=== Action item ===
Take the listing from its first line through the line that contains "The JULIANA Dangling" and please retype those lines exactly, leaving out the pictures.

-- Data excerpt follows --

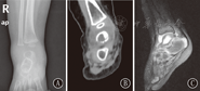 | 2 | 男 | 11个月 | 左踝肿痛 | WBC 12.2×109/L,ESR 30 mm/1 h | 距骨体骨质破坏,周围有明显的增生硬化 | 慢性骨髓炎 |
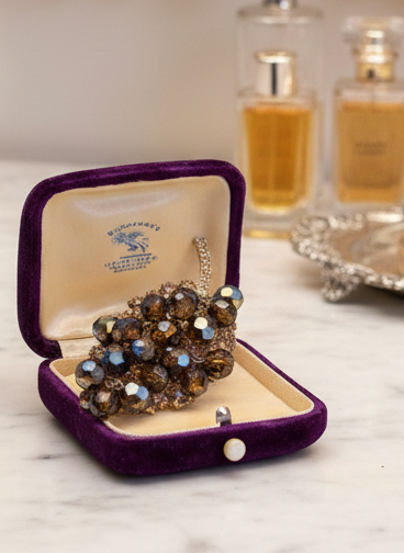 The JULIANA Dangling AB Crystal Leaf Brooch is a vintage accessory that exudes beauty and elegance. Featuring a gold tone finish with brown crystal accents, this brooch is perfect for all occasions. The leaf-shaped design adds a touch of artistry, making it a unique and stunning piece of fashion jewelry. With its brand name known for quality and style, this brooch is sure to become a favorite statement piece in any jewelry collection.
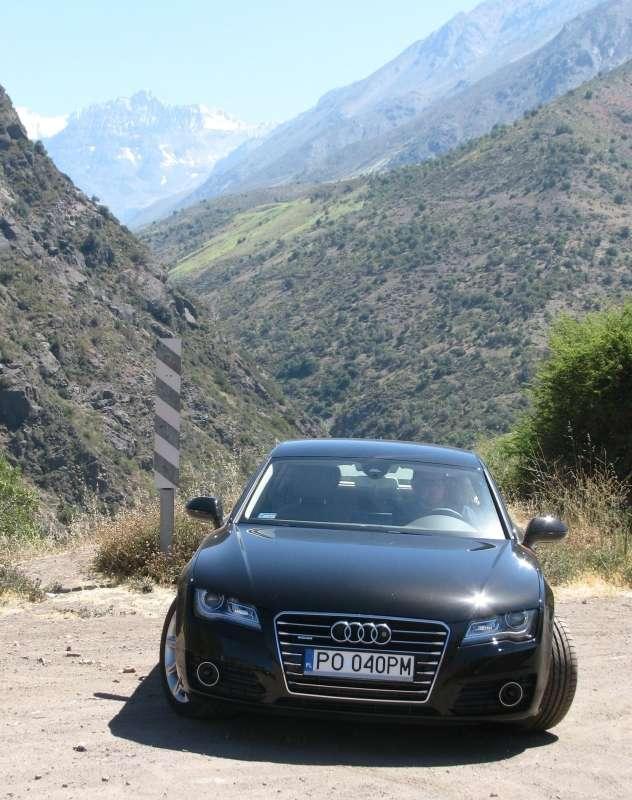 Ostatnim etapem podróży był wyjazd w Andy. Nie wyjechaliśmy tak wysoko jak w górach Atacamy, ale w o wiele krótszym czasie, wspinając się po stromych serpentynach. Sportback był w ciasnych skrętach pewny i stabilny, a mocne silniki pozwalały wspinać się bez wysiłku. Mieliśmy w Chile do dyspozycji dwie wersje silnikowe – benzynową i wysokoprężną. Obie trzylitrowe, z napędem quattro i automatycznymi skrzyniami biegów S-tronic mają prędkość maksymalną ograniczoną do 250 km/h. Turbodiesel ma moc 245 KM i maksymalny moment obrotowy 500 Nm. Ponad dwutonowe auto rozpędza do 100 km/h w 6,3 sekundy. Trzystukonnej wersji benzynowej, dysponującej maksymalnym momentem obrotowym 440 Nm wystarcza na to 5,6 sekundy. Mimo tak wielkich możliwości z dynamiki silników korzystaliśmy bardzo rozsądnie, starannie przestrzegając ograniczeń prędkości. Nasze zamiłowanie do poszanowania prawa wydatnie wzmagał widok częstych patroli policji uzbrojonych w nowoczesne, laserowe mierniki prędkości. W zestawieniu z benzynowym V6 turbodiesel może się w pierwszej chwili wydać powolny, ale jego dynamika dostarcza wiele przyjemności podczas jazdy, a dokonanie wyboru ułatwia przejazd przez stację benzynową – podczas gdy silnik benzynowy potrzebuje na przejechanie 100 km 8,2 l benzyny, turbodieslowi wystarcza 6 l oleju napędowego. Moim zdaniem oszczędność na paliwie jest znacznie większa i wyraźniejsza niż różnica w dynamice obu samochodów.

-- Data excerpt concluded --

=== Your response ===
 | 2 | 男 | 11个月 | 左踝肿痛 | WBC 12.2×109/L,ESR 30 mm/1 h | 距骨体骨质破坏,周围有明显的增生硬化 | 慢性骨髓炎 |
 The JULIANA Dangling AB Crystal Leaf Brooch is a vintage accessory that exudes beauty and elegance. Featuring a gold tone finish with brown crystal accents, this brooch is perfect for all occasions. The leaf-shaped design adds a touch of artistry, making it a unique and stunning piece of fashion jewelry. With its brand name known for quality and style, this brooch is sure to become a favorite statement piece in any jewelry collection.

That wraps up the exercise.